The detrimental effects of frequent RV pacing have long been recognized,² with the frequency of pacing-induced cardiomyopathy (PICM) estimated to approach 20%.³ The traditional approach to these patients is to add a left ventricular lead to the system in order to affect CRT. Although this approach is generally successful, LV lead placement is not always possible, and not all patients respond to CRT. An alternative approach is to “upgrade” the existing system to provide HBP.

Permanent His bundle pacing leverages the patient’s native conduction system in order to provide truly physiologic ventricular pacing.⁴ The technique for His bundle pacing has been well described.⁵ Briefly, the 3830 (69 cm) lead is directed to the His bundle region via a fixed curve C315 His (43 cm) sheath, or in more challenging anatomies, a deflectable C304 sheath (Medtronic). Unipolar mapping and pacing can then be performed (tip-to-pocket). Intracardiac electrograms are reviewed on both the pace-sense analyzer (PSA) and EP recording system. Although the use of only the PSA is feasible, an EP recording system allows for visualization of a full surface 12-lead ECG, which is extremely helpful in analyzing pacing morphologies in order to determine whether His bundle capture has been achieved.

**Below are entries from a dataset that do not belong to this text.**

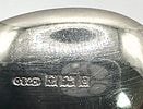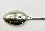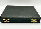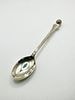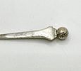 A cased set of six identical 925 silver coffee spoons, originating from Oslo, Norway. Each spoon features a decorative, textured spherical finial at the handle’s end, above a polished bowl. Hallmarks ‘925’ and ‘OSLO’ are clearly visible on the spoon bowls. The set is presented in a rectangular, dark-colored hinged box with brass-toned clasps and hinges. The box is lined internally with white ruched satin-like fabric in the lid and black velvet in the fitted base.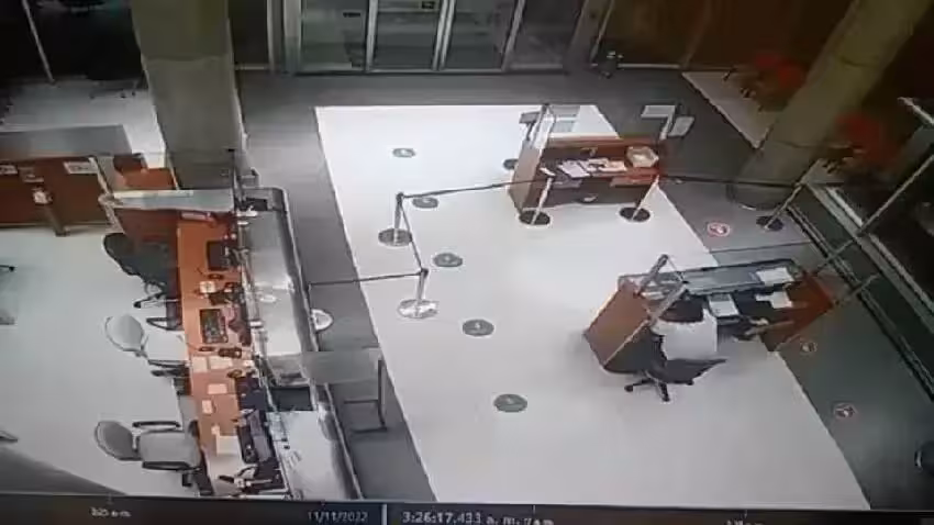 不過令人不寒而慄的是,保全一直都在獨自和空氣對話,大廳中從始至終也只有他一人…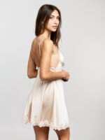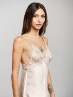 Réalisée en satin de soie brillant, cette nuisette épouse les courbes avec délicatesse, tandis que les finitions en dentelle ajoutent une touche de raffinement tout en subtilité. Son col en V et ses fentes latérales apportent une note sensuelle assumée. Idéale pour vos soirées romantiques ou pour vous sentir belle chez vous, cette nuisette en soie allie confort et séduction avec justesse.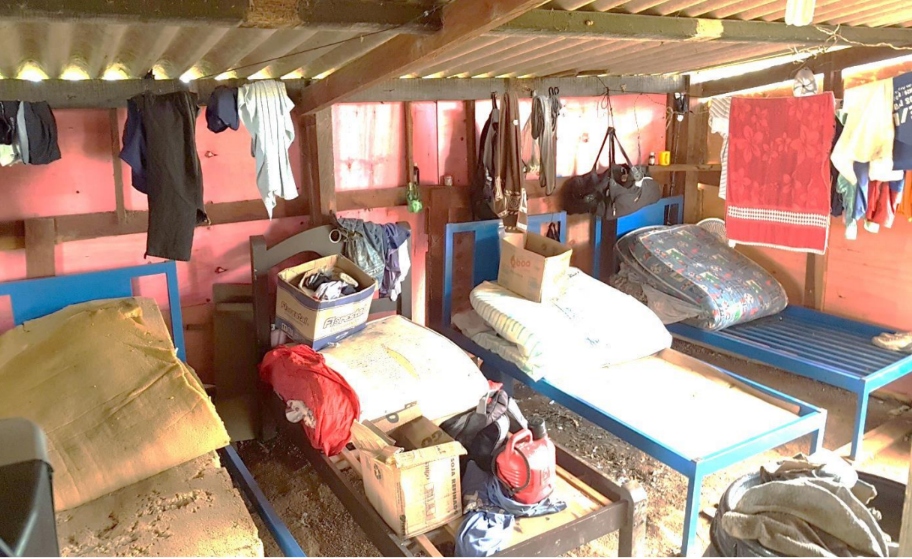 Já os trabalhadores rurais resgatados viviam em barracos, um deles tão precário que recebeu o apelido de “curral do meio”. Tinha chão de terra batida, nenhuma porta ou janela e as paredes, incompletas, eram feitas de lona, madeira e outros materiais improvisados. Um casebre sem teto fazia as vezes de banheiro, enquanto as camas eram colchonetes velhos, restos de espuma e papelão empilhado.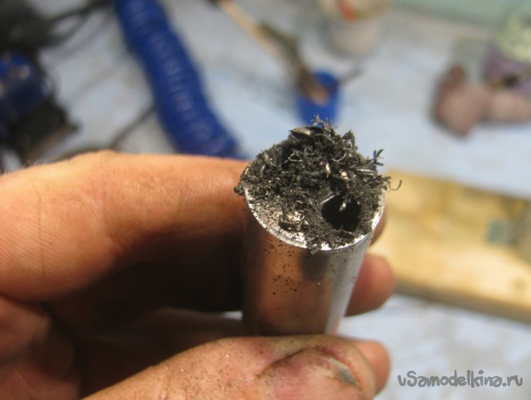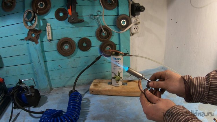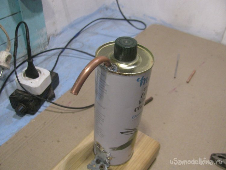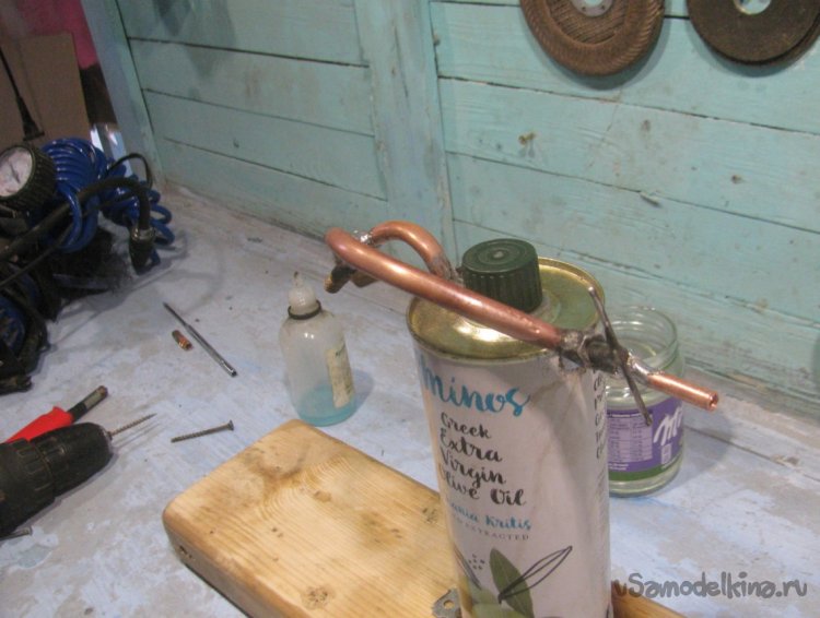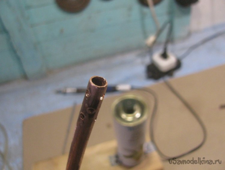 Первым делом подготовим входную трубку, он должна доходить до дна банки. Я также насверлил на конце трубки отверстий, чтобы выходили пузырьки воздуха поменьше. Чем больше пузырьков, тем больше бензина с воздухом будет поступать к горелке.

Shan et al recently explored the feasibility and clinical outcomes of upgrading to HBP in a prospective cohort of 18 patients with PICM or CRT non-responders.⁶ Among these patients, successful His bundle pacing was achieved in 16 (88.9%). HBP resulted in a significantly narrower QRS duration, and at 1 year, the LV dimensions had decreased from baseline (LVIDd 55.5 ± 7.7 mm from 62.3 ± 6.9 mm) and ejection fraction had substantially improved (52.8% ± 9.6% from 35.7% ± 7.9%). They also reported a decrease in the severity of mitral regurgitation. There were no major complications during implantation. Given that the results of CRT upgrade among patients with PICM have been mixed,^7,8 studies such as this suggest that HBP offers a viable, and perhaps superior, alternative to CRT in this patient population. While a definitive answer to this question awaits the results of future studies, HBP should be considered when patients present with PICM.

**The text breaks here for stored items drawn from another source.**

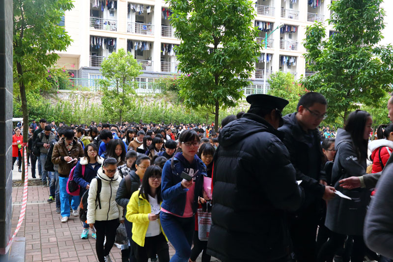 考生们排队入场,秩序井然
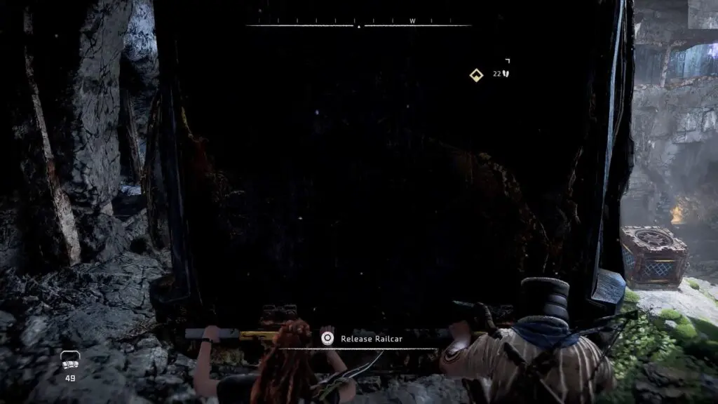 Move the railcar out of the path with Gildun’s assistance.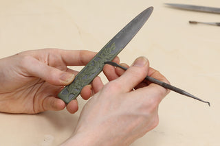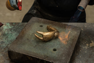 Once patinated the pieces are finished with a microcystalline wax to bring out the natural lustre of the metal.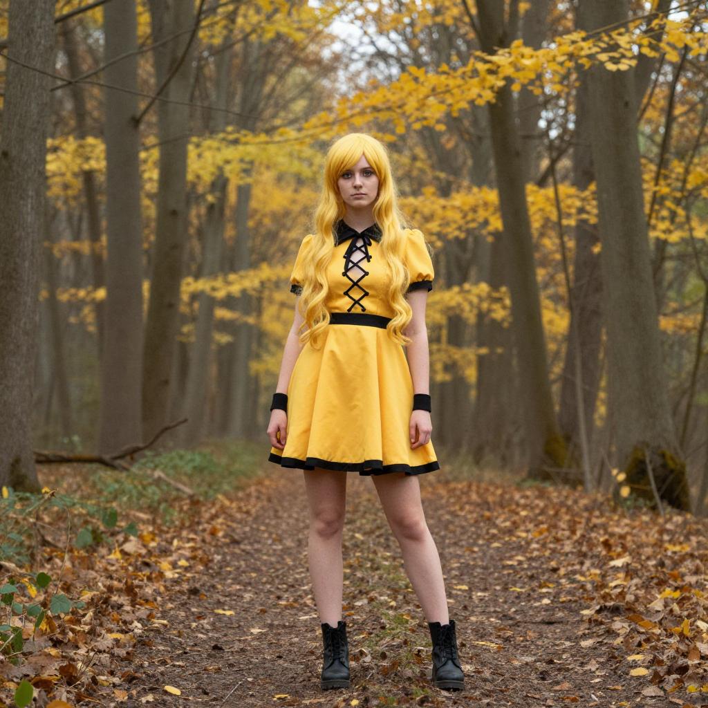 Photograph of a young woman with blue wavy hair standing on a forest path during autumn. She is wearing a yellow long-sleeve shirt under a green dress with blue trim and buttons, surrounded by tall trees with yellow leaves and yellow flowers on the left. The scene is lit with natural daylight and features a slightly blurred background with a path leading into the distance.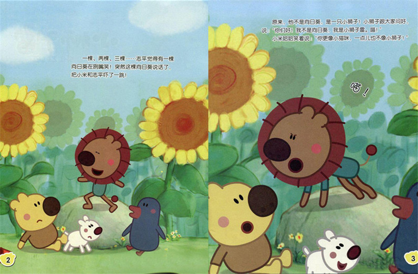 原來,他不是向日葵,是一只小獅子!小獅子跟大家問好,說:“你們好我不是向日葵,我是小獅子雷。喵!”小米哈哈笑著說:“你更像小貓咪,一一點兒也不像小獅子!一棵、兩棵、三棵.志平覺得有一棵向日葵在咧嘴笑!突然這棵向日葵說話了,把小米和志平嚇了一-跳!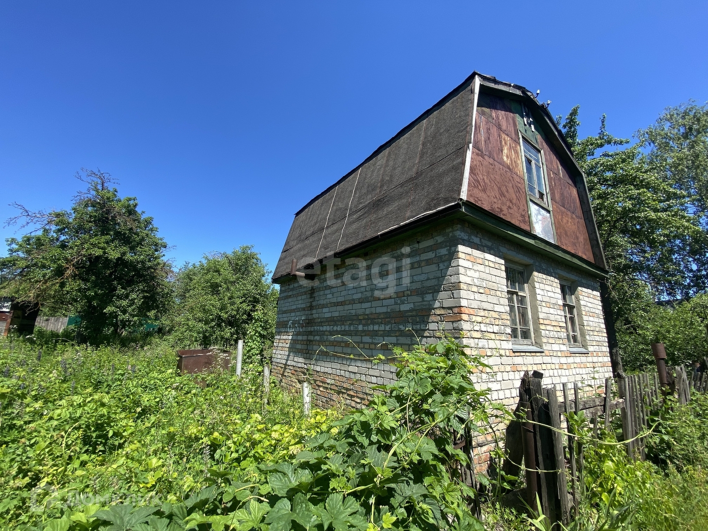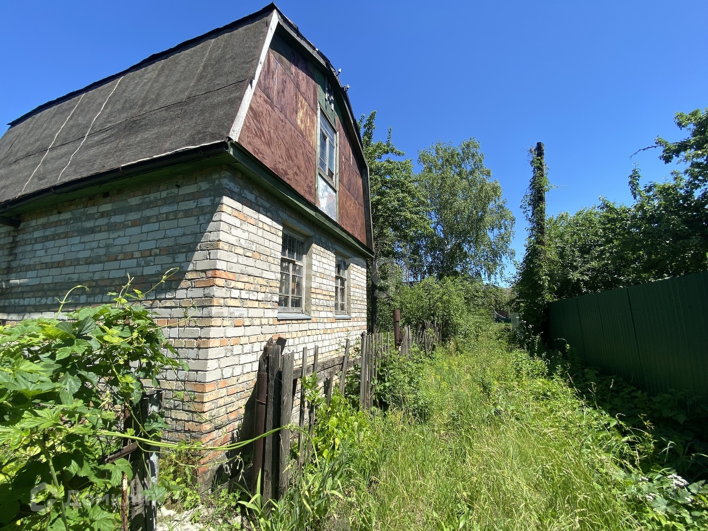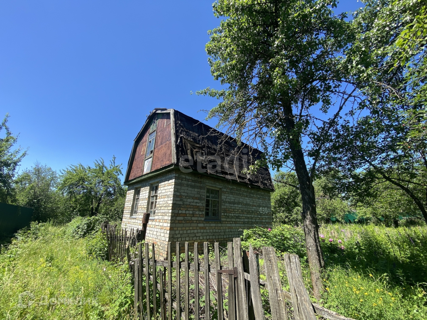 На данный момент на участке есть двухэтажный кирпичный дом, требующий ремонта. Площадь дома 24 квадратных метра.

Disclosures: Dr. Zweibel reports fees from Medtronic to the hospital for virtual preceptorship on His bundle pacing; outside the submitted work, he also discloses he is a speaker and consultant for Medtronic. Dr. Crespo reports receiving honoraria from Medtronic for educational talks on His bundle pacing.

References

1. Deshmukh P, Casavant RA, Romanyshyn M, Anderson K. Permanent direct His bundle pacing: A novel approach to cardiac pacing in patients with normal His-Purkinje activation. Circulation. 2000;101:869-877.
2. Sweeney MO, Hellkamp AS, Ellengogen KA, et al. Adverse effect of ventricular pacing on heart failure and atrial fibrillation among patients with normal baseline QRS duration in a clinical trial of pacemaker therapy for sinus node dysfunction. Circulation. 2003;107:2932-2937.
3. Khurshid S, Epstein AE, Verdino RJ, et al. Incidence and predictors of right ventricular pacing-induce cardiomyopathy. Heart Rhythm. 2014;11:1619-1625.
4. Dandamudi G, Vijayaraman P. History of His bundle pacing. J Electrocardiol. 2017;50:156-160.
5. Lustgarten DL. Stepwise approach to permanent His bundle pacing. J Innov Card Rhythm Manage. 2016;7:2313-2321.
6. Shan P, Su L, Zhou X, et al. Beneficial effects of upgrading to His bundle pacing in chronically paced patients with left ventricular ejection fraction <50%. Heart Rhythm. 2018;15:405-412.
7. Kiehl EL, Makki T, Kumar R, et al. Incidence and predictors of right ventricular pacing-induced cardiomyopathy in patients with complete atrioventricular block and preserved left ventricular systolic function. Heart Rhythm. 2016;13:2272-2278. 
8. Nazeri A, Massumi A, Rasekh A, Saaed M, Frank C, Razavi M. Cardiac resynchronization therapy in patients with right ventricular pacing-induced cardiomyopathy. Pacing Clin Electrophysiol. 2010;33:37-40.